A funny reader context

Trivia time: find a place in the Scheme reader where ,expr is not equivalent to (unquote expr).

Answer:

> (define ls '(1 2 3))
> `#(unquote ls)
#(1 2 3)
> `#,ls
#,ls

Fexprs? in Scheme?

“The top level is hopeless.”
     -- Matthew Flatt [1] [2] [3] [4] [5] [6] [7] [8] [9]

Scheme's top level allows for interactive evaluation such as at the REPL, where global definitions can be dynamically evaluated one by one. To allow for forward references, free variables are not a static error at the top level. But global definitions may be macros, and there's no way to know whether a forward reference is eventually going to turn out to be a value binding or a macro binding. So one simple semantics is just to assume that forward references are always value bindings and compile them as such. But then you get unsatisfying interactions like this:

> (define (f) (display (g 42)))
> (define-syntax g (syntax-rules () ((g x) (quote x))))
> (f)

reference to an identifier before its definition: g

It's worse with macro-defining macros. For example, a define/inline form would bind its definition as a macro, but the user could generally treat it as a value binding. But you'd still run into the same problem:

> (define/inline (f) (g 42))
> (define/inline (g n) (add1 n))
> (f)

reference to an identifier before its definition: g

What's in conflict in Scheme is the desire for macros to be a static, compile-time entity and the REPL to allow dynamic, incremental update to the global environment. In fact, the top level seems to be the one place in Scheme where programmers expect behavior something like Lisp's antiquated fexprs. Bear with me...

Imagine if the compiler treated any form (x . s) where x is a top-level variable reference--bound or unbound--as an uninterpreted syntax object waiting to be parsed. Then only when the form is evaluated would x be looked up in the global environment to determine how to compile the form. If x is unbound, it's a dynamic error; if it's a value, it's compiled and evaluated as a function application; if it's a macro, it's macro-expanded, compiled, and evaluated. This would accomodate any sequence of definitions and redefinitions of top-level bindings, either as value bindings, macro bindings, or both. For example:

> (define (foo x) (f x))
> (define (f x) (add1 x))
> (foo 41)
42
> (define-syntax f (syntax-rules () ((f e) (quote e))))
> (foo 41)
x

This has a lot of the similarities to fexprs; it means a function like foo is subject to dynamic reparsing: at one point it calls a function on x and at another point it applies a macro. But whereas with fexprs, any application expression may be dynamically reparsed, here this would only be the case for applications of top-level variables.
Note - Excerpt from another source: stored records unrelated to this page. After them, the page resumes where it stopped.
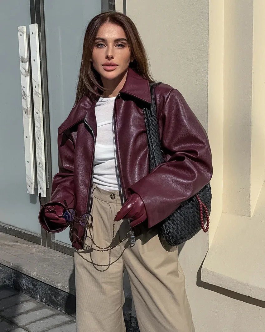 Retro motorcycle style wine red PU leather jacket for women 2025 autumn fashion matte leather jacket jacket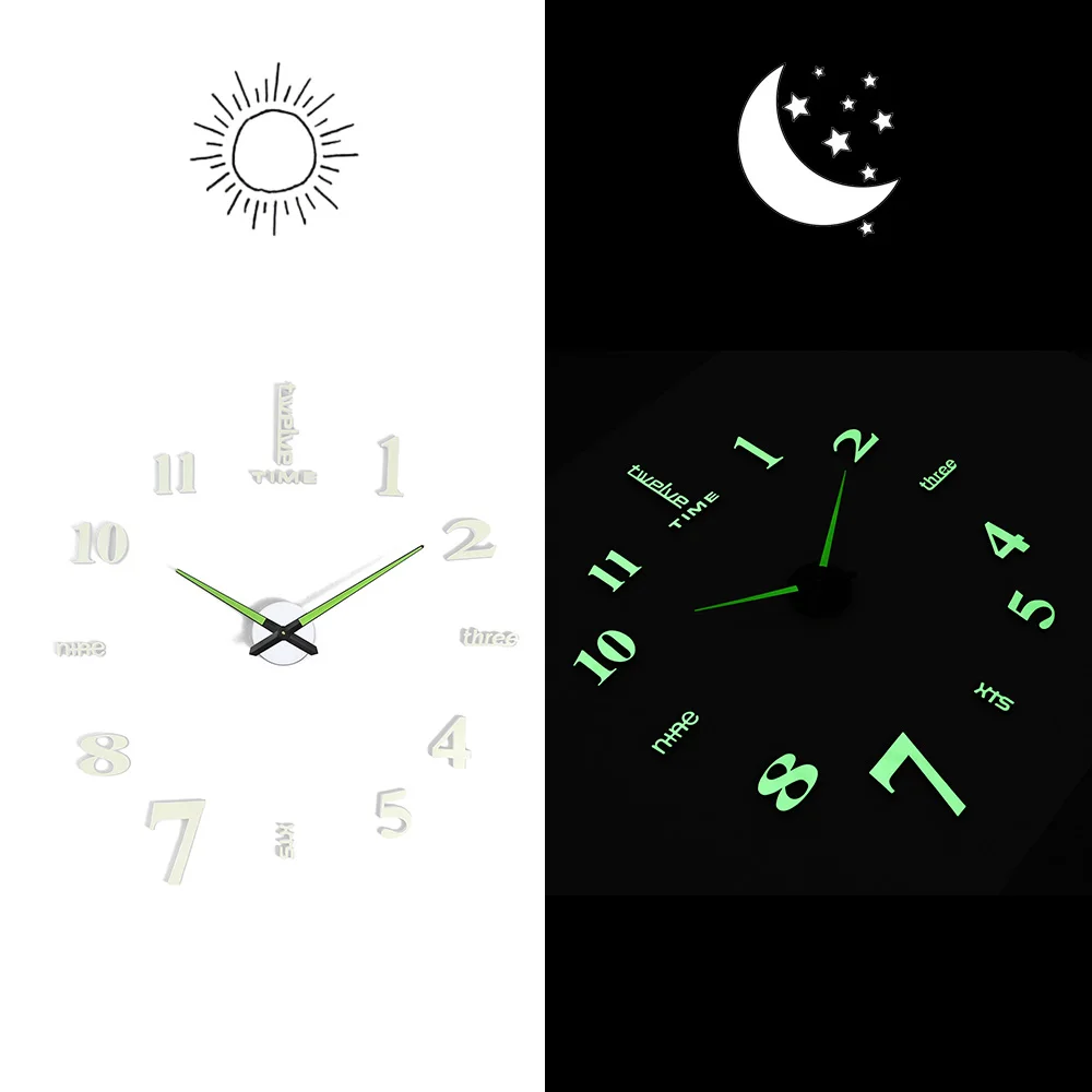 Большие настенные часы с 3d-наклейкой, настенные часы, светящиеся ц...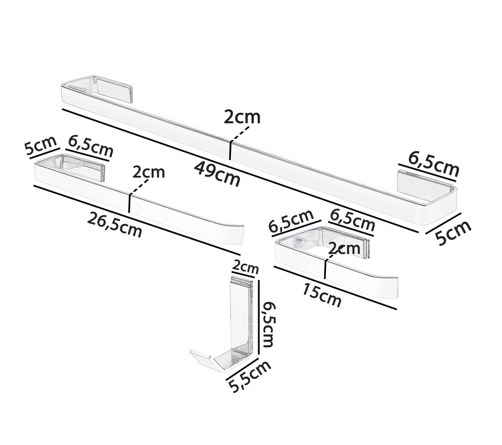 Conheça o kit de acessórios para banheiro de modelo Athena, na cor escovada. Desenvolvida em vergalhão com pintura eletrostática, dos produtos contam com camadas extras anti avarias para que seu uso seja seguro. A fixação dos itens deve ser feita por parafusação, além de ser muito discreta pela possibilidade em esconder os parafusos, o kit em geral acompanha 01 papeleira, 01 porta toalha de banho e um de rosto e 01 cabide para toalhas.

Fexprs are bad for two reasons: they make the language hard to compile efficiently and they make programs hard to understand by subjecting the basic program definition to dynamic reinterpretation. To be sure, making Scheme's top-level fexpr-like would make efficient compilation harder. But the top-level is the part of Scheme where programs are dynamically defined. Users are constantly surprised at the behavior of top-level forward references and macro definitions. What they seem to naturally expect is, in some sense, fexprs.

Maybe vs. exception vs. failure thunk in Scheme

It's pretty easy to switch back and forth between representing a function with a "maybe" result type as:

1. returning X or #f;
2. returning X or raising an exception; or
3. returning X and taking a failure thunk

In Scheme, sometimes X might include the value #f. In that case I think representation #3 is the best one, since raising an exception is clunky. You can also combine #2 and #3 and take an optional thunk that by default raises an exception.

This is one case where true unions do cause some problems, so maybe I should have tempered my earlier enthusiasm a little. Still, it's not insurmountable, and this cost needs to be weighed against the price of strictly disjoint unions.